### EXERCISE DATA

------------

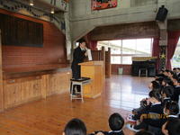 4日(木)に校内童話発表会を行いました。各学年の代表一名が練習の成果を発表しました。6名の児童達は緊張した表情で出番を待っていましたが、マイクを前に立ったとたん、息を大きく吸って覚えた文章がすらすらと出てきました。また、聞いている児童達の様子を見ていると、次の展開がどうなるのか目を輝かせて聞いていました。各学年では、すべての児童が取り組んでおり、各学級でも一生懸命取り組む姿が見られました。これを機会に、今後も本を読むことを好きになってほしいと思います。当日の結果は、3年生の飛石七香さんと6年生の志賀花凜さんの二名が学校代表として大津町の大会に出場します。護川小学校みんなで応援したいと思います。
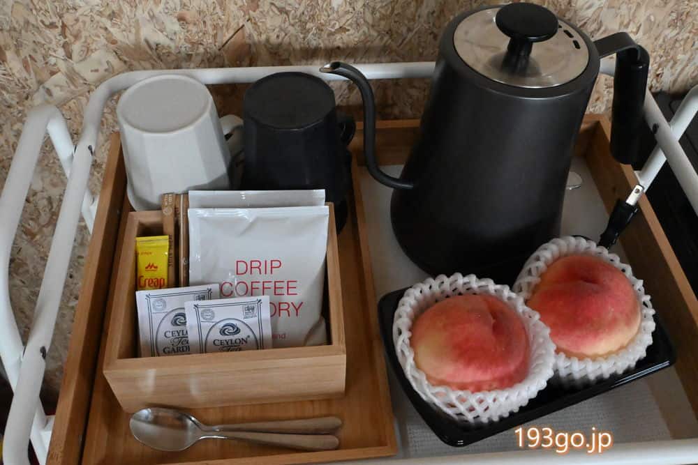 前日、道の駅で購入した山梨県産の旬の桃もカット。
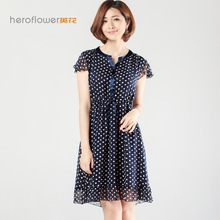 英花夏真丝连衣裙V领拼接加肥加大码圆点显瘦荷叶边桑蚕丝连衣裙

------------

### ASSIGNMENT
Restate all of the material word for word, leaving every picture out.

### EXERCISE RESULT
 4日(木)に校内童話発表会を行いました。各学年の代表一名が練習の成果を発表しました。6名の児童達は緊張した表情で出番を待っていましたが、マイクを前に立ったとたん、息を大きく吸って覚えた文章がすらすらと出てきました。また、聞いている児童達の様子を見ていると、次の展開がどうなるのか目を輝かせて聞いていました。各学年では、すべての児童が取り組んでおり、各学級でも一生懸命取り組む姿が見られました。これを機会に、今後も本を読むことを好きになってほしいと思います。当日の結果は、3年生の飛石七香さんと6年生の志賀花凜さんの二名が学校代表として大津町の大会に出場します。護川小学校みんなで応援したいと思います。
 前日、道の駅で購入した山梨県産の旬の桃もカット。
 英花夏真丝连衣裙V领拼接加肥加大码圆点显瘦荷叶边桑蚕丝连衣裙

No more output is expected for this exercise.